● Task to carry out
Return verbatim the lines that run from the one holding "Йогуртница — достаточно" to the end of the listing, both ends included, without the pictures.

++++++

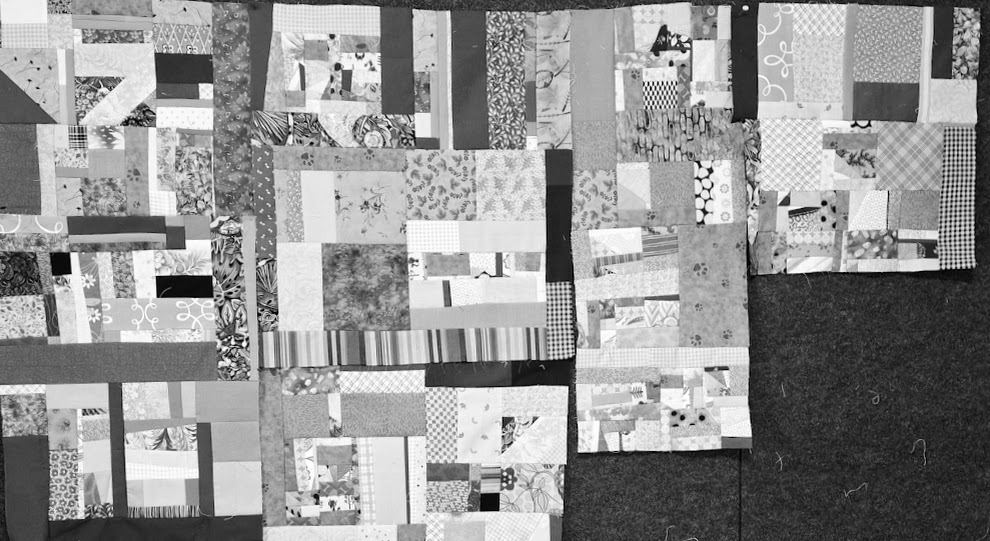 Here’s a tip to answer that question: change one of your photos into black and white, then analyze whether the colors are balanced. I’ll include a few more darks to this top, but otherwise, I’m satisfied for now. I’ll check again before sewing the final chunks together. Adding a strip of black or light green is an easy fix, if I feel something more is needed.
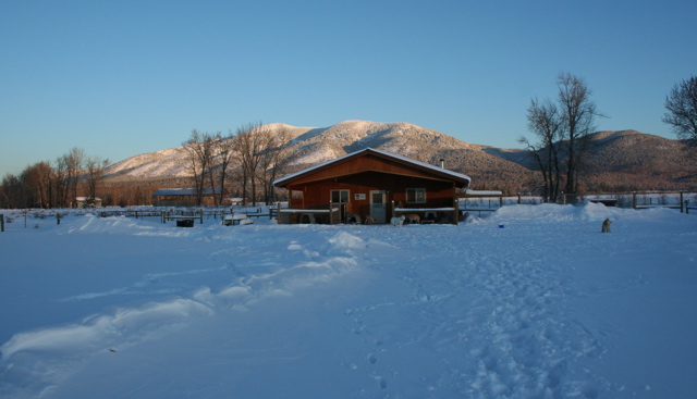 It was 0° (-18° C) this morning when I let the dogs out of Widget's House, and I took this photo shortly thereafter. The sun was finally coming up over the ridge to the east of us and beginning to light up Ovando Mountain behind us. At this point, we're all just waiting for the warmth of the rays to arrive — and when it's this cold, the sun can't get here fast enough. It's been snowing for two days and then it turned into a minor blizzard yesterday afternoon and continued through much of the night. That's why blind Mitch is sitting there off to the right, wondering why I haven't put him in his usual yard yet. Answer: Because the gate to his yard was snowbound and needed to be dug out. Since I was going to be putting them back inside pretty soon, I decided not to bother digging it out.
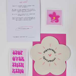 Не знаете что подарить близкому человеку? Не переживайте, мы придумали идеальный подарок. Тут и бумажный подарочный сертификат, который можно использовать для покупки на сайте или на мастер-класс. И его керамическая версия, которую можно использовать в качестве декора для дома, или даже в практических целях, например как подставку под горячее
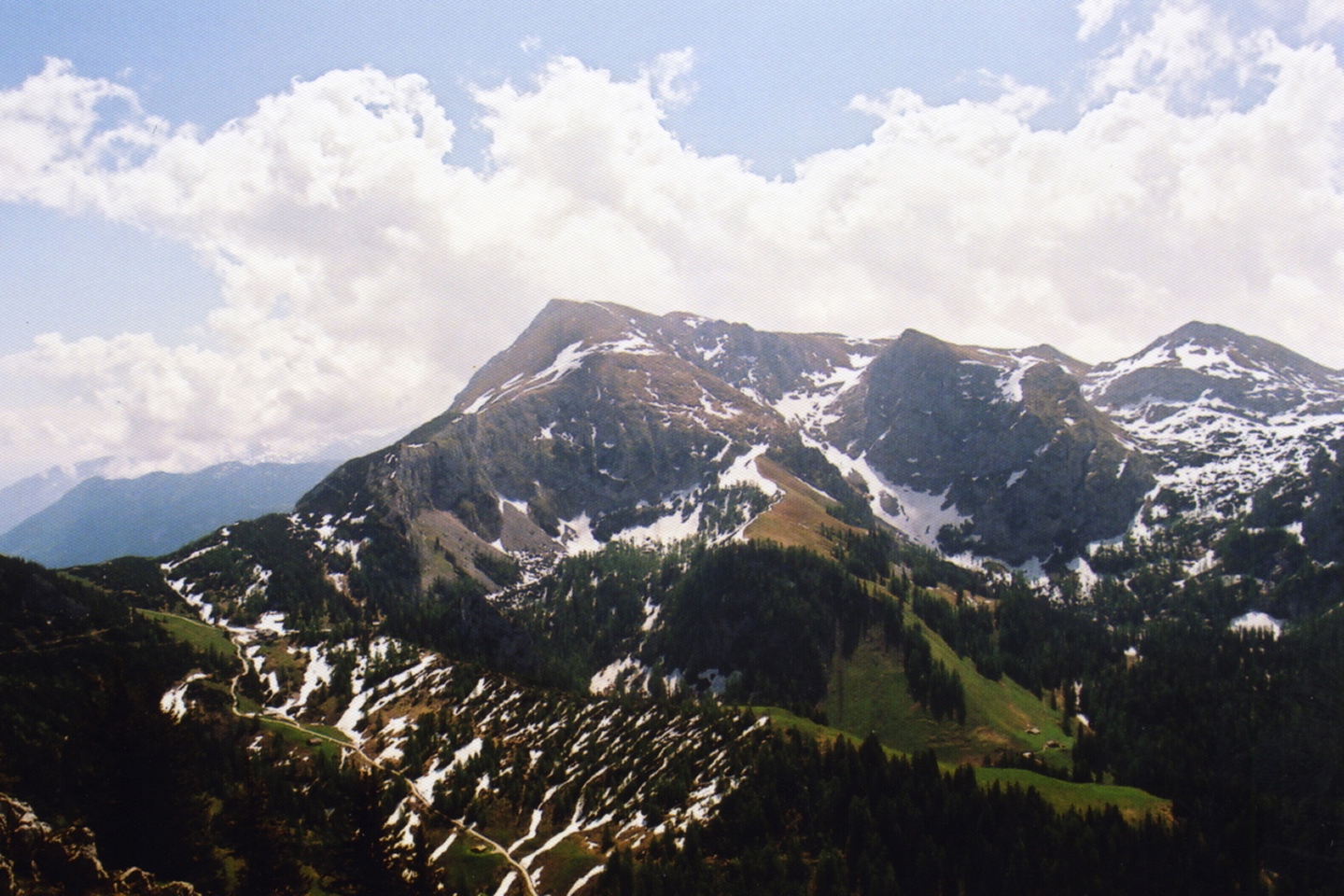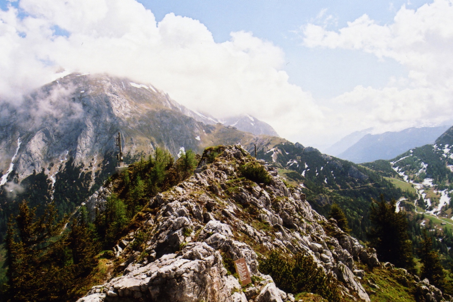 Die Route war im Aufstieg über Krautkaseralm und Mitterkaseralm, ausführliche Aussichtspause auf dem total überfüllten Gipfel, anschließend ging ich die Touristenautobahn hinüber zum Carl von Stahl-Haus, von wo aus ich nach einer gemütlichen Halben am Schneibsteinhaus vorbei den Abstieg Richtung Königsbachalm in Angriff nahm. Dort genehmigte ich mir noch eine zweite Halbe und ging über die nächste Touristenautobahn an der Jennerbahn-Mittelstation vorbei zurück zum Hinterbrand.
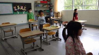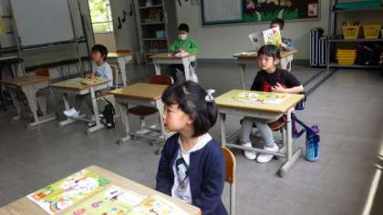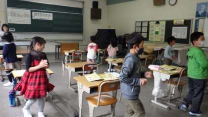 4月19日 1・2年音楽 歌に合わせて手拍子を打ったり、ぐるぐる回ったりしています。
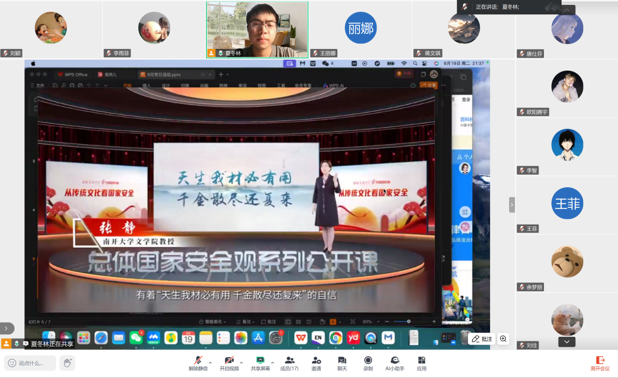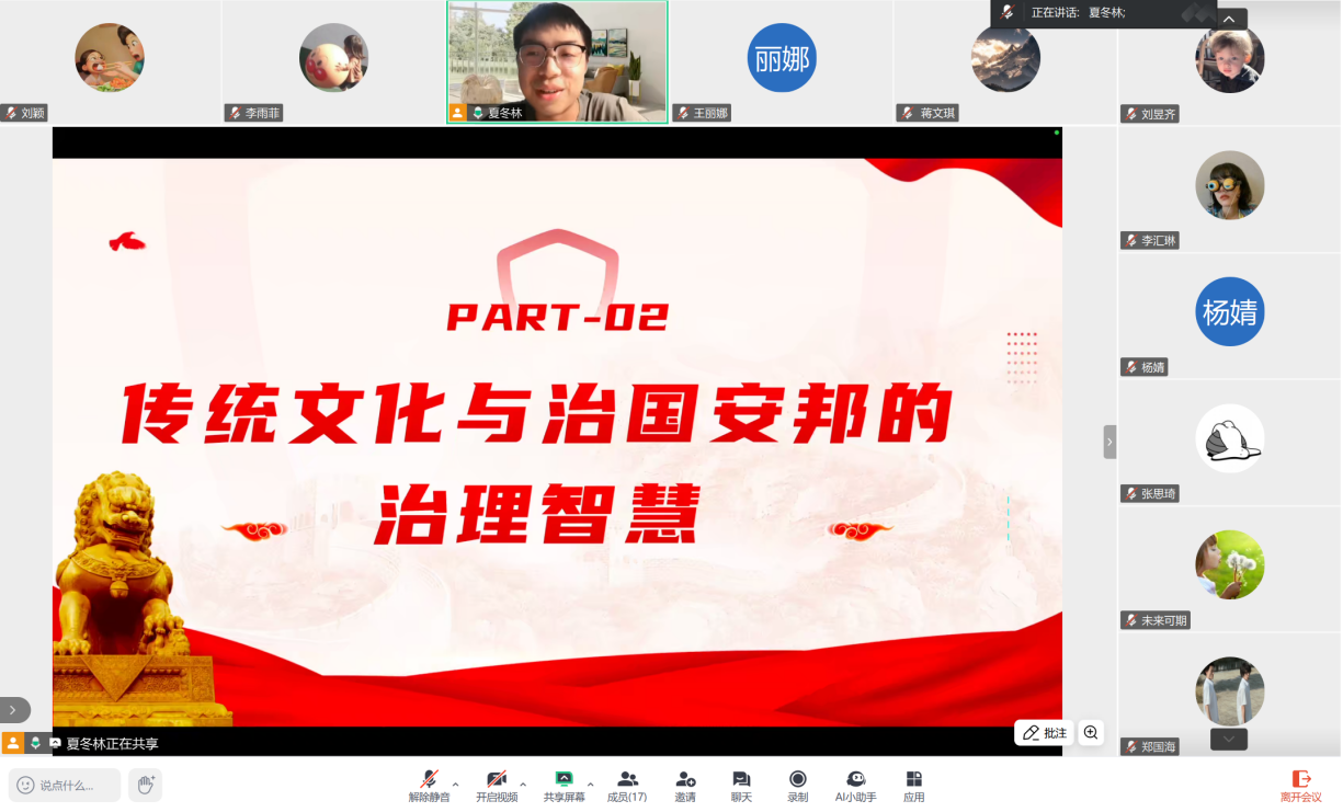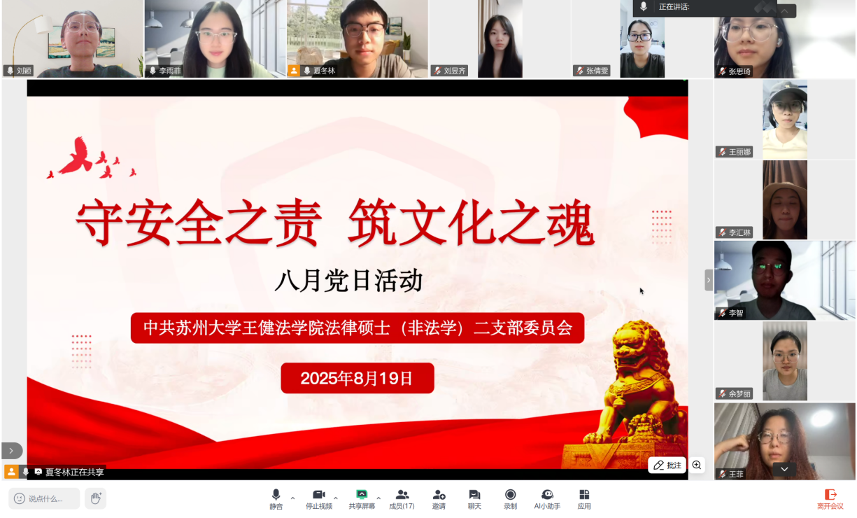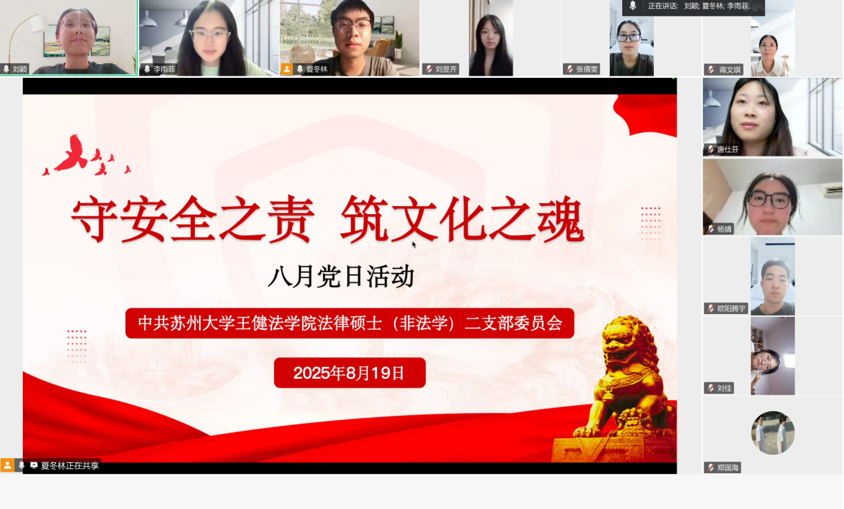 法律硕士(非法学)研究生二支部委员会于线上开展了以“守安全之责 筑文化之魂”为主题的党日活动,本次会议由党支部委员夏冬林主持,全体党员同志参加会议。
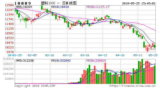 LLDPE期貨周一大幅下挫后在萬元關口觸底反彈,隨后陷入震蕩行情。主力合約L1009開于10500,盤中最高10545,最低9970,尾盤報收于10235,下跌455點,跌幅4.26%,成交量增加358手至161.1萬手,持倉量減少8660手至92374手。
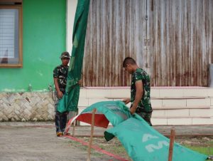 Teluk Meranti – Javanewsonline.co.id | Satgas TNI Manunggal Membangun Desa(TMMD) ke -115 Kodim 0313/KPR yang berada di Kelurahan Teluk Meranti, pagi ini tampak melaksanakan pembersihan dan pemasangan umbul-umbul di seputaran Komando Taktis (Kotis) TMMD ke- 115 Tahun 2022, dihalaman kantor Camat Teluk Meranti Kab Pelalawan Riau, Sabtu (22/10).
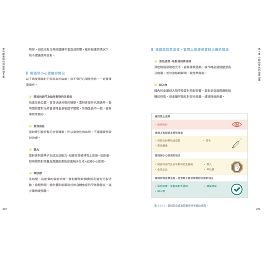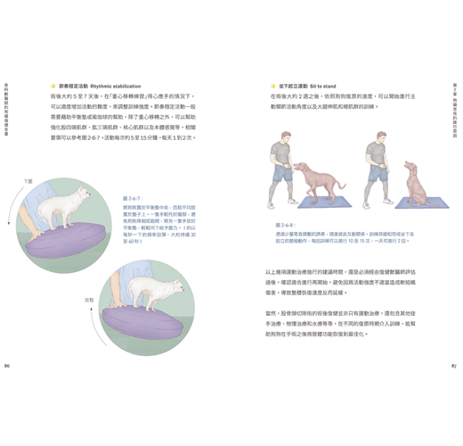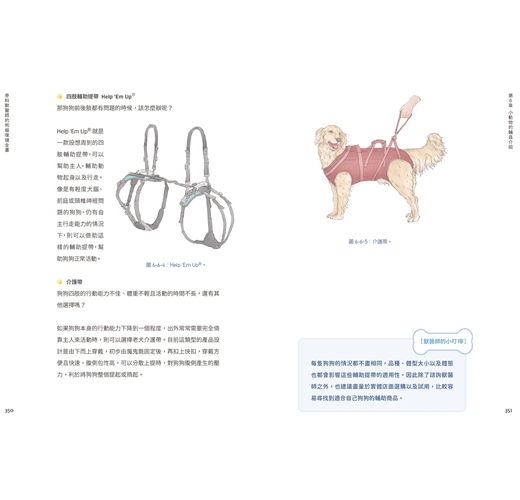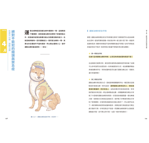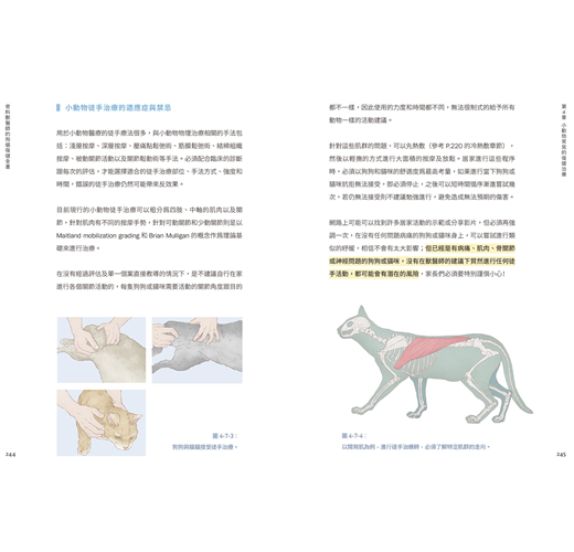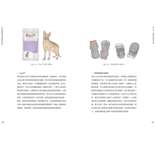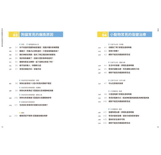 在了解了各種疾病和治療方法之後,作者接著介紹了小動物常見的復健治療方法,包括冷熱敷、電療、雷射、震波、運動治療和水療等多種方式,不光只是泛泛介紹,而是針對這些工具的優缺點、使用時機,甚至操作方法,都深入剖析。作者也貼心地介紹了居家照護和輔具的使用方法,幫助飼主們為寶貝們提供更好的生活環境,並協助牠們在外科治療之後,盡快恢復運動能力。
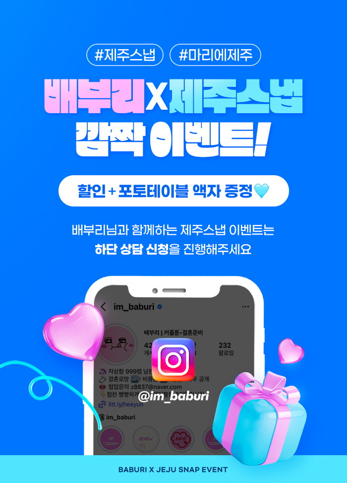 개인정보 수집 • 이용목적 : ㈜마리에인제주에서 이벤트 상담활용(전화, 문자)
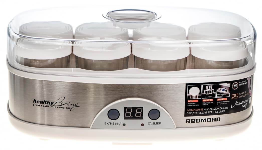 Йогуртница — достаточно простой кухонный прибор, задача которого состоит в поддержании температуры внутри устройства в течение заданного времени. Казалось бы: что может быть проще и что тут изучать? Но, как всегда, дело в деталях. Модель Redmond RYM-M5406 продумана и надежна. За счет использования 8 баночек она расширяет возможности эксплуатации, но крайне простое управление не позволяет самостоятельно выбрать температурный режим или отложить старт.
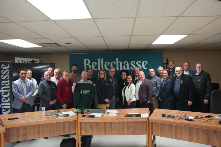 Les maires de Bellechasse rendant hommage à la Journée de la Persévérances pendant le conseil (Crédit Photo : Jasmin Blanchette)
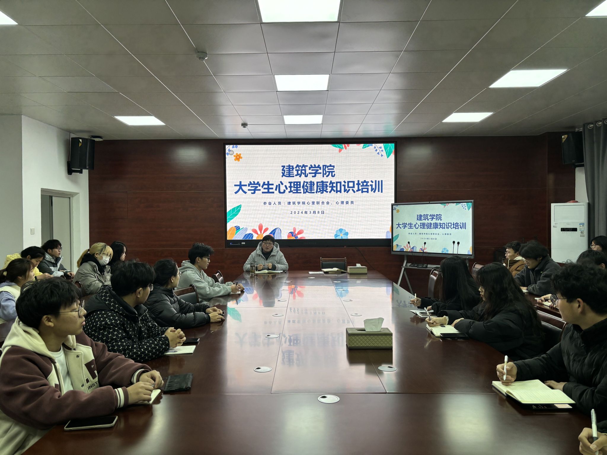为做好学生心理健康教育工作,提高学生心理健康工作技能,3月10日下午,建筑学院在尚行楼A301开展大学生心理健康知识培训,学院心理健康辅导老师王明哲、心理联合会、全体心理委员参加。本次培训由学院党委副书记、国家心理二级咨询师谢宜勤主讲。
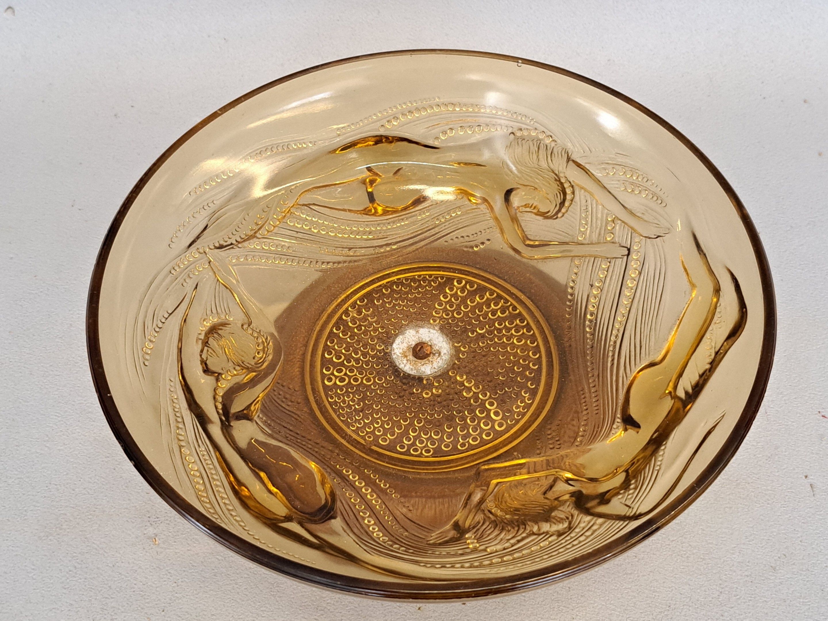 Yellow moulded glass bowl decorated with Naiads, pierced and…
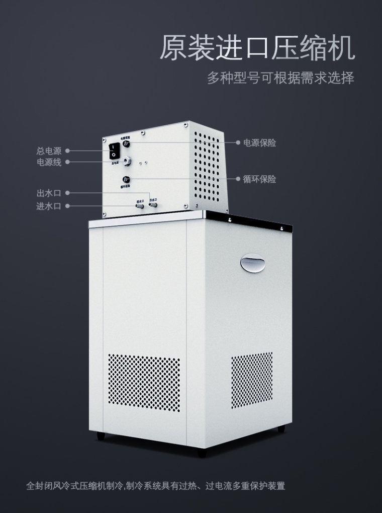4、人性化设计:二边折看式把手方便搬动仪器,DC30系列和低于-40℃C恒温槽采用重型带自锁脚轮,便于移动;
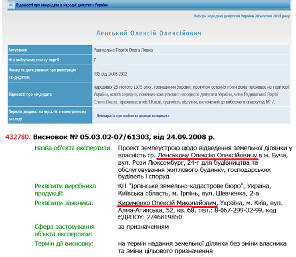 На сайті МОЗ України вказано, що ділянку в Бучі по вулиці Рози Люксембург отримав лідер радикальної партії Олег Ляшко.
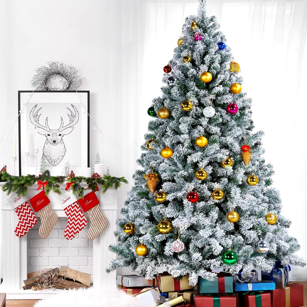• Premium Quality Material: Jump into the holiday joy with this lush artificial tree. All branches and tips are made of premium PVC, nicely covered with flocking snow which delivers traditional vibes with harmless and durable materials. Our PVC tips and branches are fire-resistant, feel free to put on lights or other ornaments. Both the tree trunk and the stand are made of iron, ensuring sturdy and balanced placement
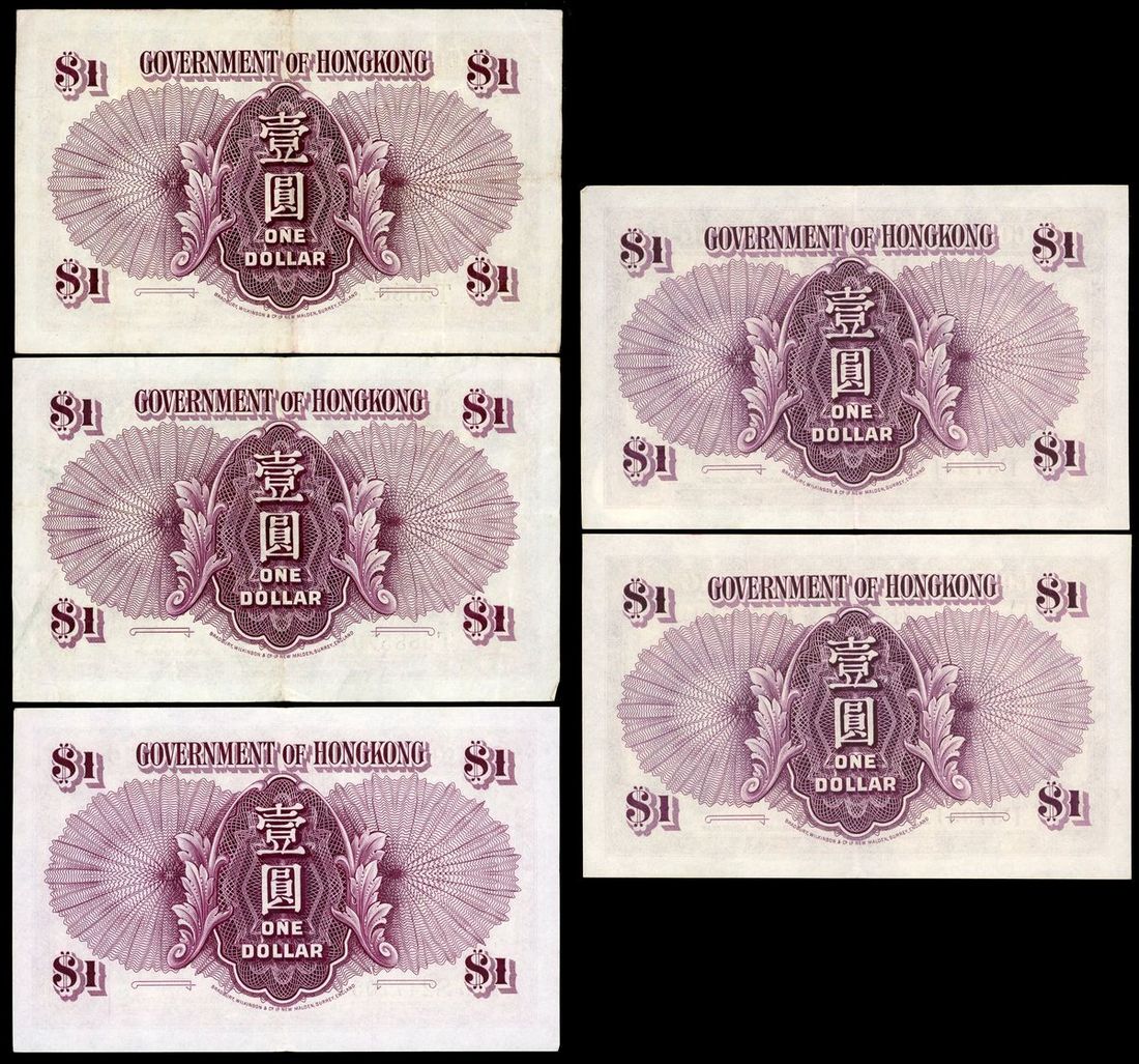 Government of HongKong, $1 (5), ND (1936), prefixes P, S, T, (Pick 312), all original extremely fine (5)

++++++

● Written solution
 Йогуртница — достаточно простой кухонный прибор, задача которого состоит в поддержании температуры внутри устройства в течение заданного времени. Казалось бы: что может быть проще и что тут изучать? Но, как всегда, дело в деталях. Модель Redmond RYM-M5406 продумана и надежна. За счет использования 8 баночек она расширяет возможности эксплуатации, но крайне простое управление не позволяет самостоятельно выбрать температурный режим или отложить старт.
 Les maires de Bellechasse rendant hommage à la Journée de la Persévérances pendant le conseil (Crédit Photo : Jasmin Blanchette)
为做好学生心理健康教育工作,提高学生心理健康工作技能,3月10日下午,建筑学院在尚行楼A301开展大学生心理健康知识培训,学院心理健康辅导老师王明哲、心理联合会、全体心理委员参加。本次培训由学院党委副书记、国家心理二级咨询师谢宜勤主讲。
 Yellow moulded glass bowl decorated with Naiads, pierced and…
4、人性化设计:二边折看式把手方便搬动仪器,DC30系列和低于-40℃C恒温槽采用重型带自锁脚轮,便于移动;
 На сайті МОЗ України вказано, що ділянку в Бучі по вулиці Рози Люксембург отримав лідер радикальної партії Олег Ляшко.
• Premium Quality Material: Jump into the holiday joy with this lush artificial tree. All branches and tips are made of premium PVC, nicely covered with flocking snow which delivers traditional vibes with harmless and durable materials. Our PVC tips and branches are fire-resistant, feel free to put on lights or other ornaments. Both the tree trunk and the stand are made of iron, ensuring sturdy and balanced placement
 Government of HongKong, $1 (5), ND (1936), prefixes P, S, T, (Pick 312), all original extremely fine (5)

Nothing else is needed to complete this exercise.